If we define A as the source image and Gx and Gy are two images where the points contain vertical and horizontal approximations, then we are given enough information to calculate our gradient.
Both dilation and erosion are morphology operators, used to apply a structuring element to an input image and generate an output image. They have a wide array of uses, such as removing noise, detecting intensity bumps or holes in an image, etc. The operation of dilation involves convolving an image with a kernel to replace current values with its maximum values, smoothening the image structure while maintaining shape and size. It could be thought of as the open filter. On the other hand, erosion is the opposite, which replaces the current pixel with its minimum vaues in order to remove noise and simplify the image.
Figure 7: Morphology Operators. 1) Resulting Dilation 2) Original Image 3) Resulting Erosion
After applying our edge detection and morphology operations, our process simplifies down to detecting the contours from the resulting output, which is done through the OpenCV API. The contours will serve as the localization of the fish egg, leaving us with a few geometry and camera magnification conversion steps to determine the egg diameter size.
Running our AlexNet model on the unlabeled test images, below are the results for our fish egg image and size detection. These results were validated by PhD candidate of Scripps Institute of Oceanography , Brian Stock. Stock manually went through the predicted fish eggs and non-fish eggs of the test set, by using an image mosaic viewer, SPCView Caymans Data (1.0.1), that includes an annotation tool to mark false positives/negatives for the predicted images. As for the size detection results validation, Stock used ImageJ, to manually measure the diameter size of the fish egg.
While obtaining the false positive rate of the fish eggs is straightforward, the false negative rate was determined by searching randomly through 20,000 images and searching for all of the fish eggs, that had been missed by the model.
400 false positives / 3153 predicted eggs = 0.127
1 false negative / (20,000-194) = 5.048975e-05
Final egg count = 2753
Automatic size detection | Manual size detection |
---|---|
Elapsed time: 3m 13s | Elapsed time: ~ 3h |
Based off the automatic size detection results, it appears that the manual sizing method was much more accurate. It is believed that the automatic size detection had issues with three things:
- Cropping either the yolk sac or oil globule
- Over-estimating the diameter, due to the blur
- Identifying fish eggs with 1 or more objects in the image
Seeing as how the task objective was to reduce the time to automatically size the fish eggs, while maintaining accuracy, we were successful with reducing the task time to ~1.66%, but suffered with accurately sizing the objects.

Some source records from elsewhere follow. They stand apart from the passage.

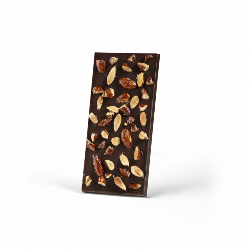 Mörk choklad med 70% kakaohalt från Guays, Ecuador, som innehåller hela, karamelliserade Valenciamandlar.
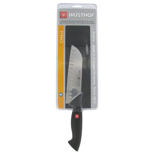 Wusthof pro series 7" japanese santoku knife with granton edge this wusthof pro series 7" japanese santoku knife with granton edge is designed exclusively for the tough day-to-day demands of the commercial kitchen. the granton edge allows for smooth and even slicing as food is less likely to stick to the blade. use if for cutting fish, vegetables, and boneless or lightly boned meats such as chicken. its soft, ergonomic poly handle is one of the most comfortable handles available on the market, effortlessly guiding the high-quality, rust-resistant german steel blade wherever the culinary professional demands. standard features: wusthof pro-series 7" japanese santoku knife length: 7" pro-series collection perfect for cutting fish, vegetables, and boneless or lightly boned meats like chicken the granton edge allows for smooth and even slicing with the granton edge food is less likely to stick to the blade ergonomic poly handle is one of the most comfortable handles available high-quality, rust-resistant german steel blade stamped line of wusthof cutlery designed by chefs, for chefs built to withstand the rigors of everyday use nsf listed hand wash synthetic handle lifetime wusthof guarantee against material and manufacturing defects, with normal use and proper care made in solingen germany model#: 4860-7 6005034
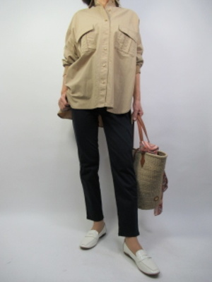 お尻まで隠してくれるビッグシルエットシャツは袖口がリブになっているのでたくし上げて着こなしても袖が落ちてこない。そして体のラインも上手に隠してくれる。シャツコーデのデイリーファッションにはピッタリ!アクティブ度80%、スタイリッシュ度20%。

With these results, we now hope to demonstrate that unhatched egggs, hatching eggs, and yolk-sac larvae are see only in the time windows that we expect, similar to the figure below.
We trained a CNN model for binary fish egg classification to assist with annotating over 225,000 images and developed an object size detection algorithm for Nassau Grouper classification. We anticipate that future deployment of this new software could assist with real-time image recognition during field studies and shed further light on the fine-scale processes influencing fish population success.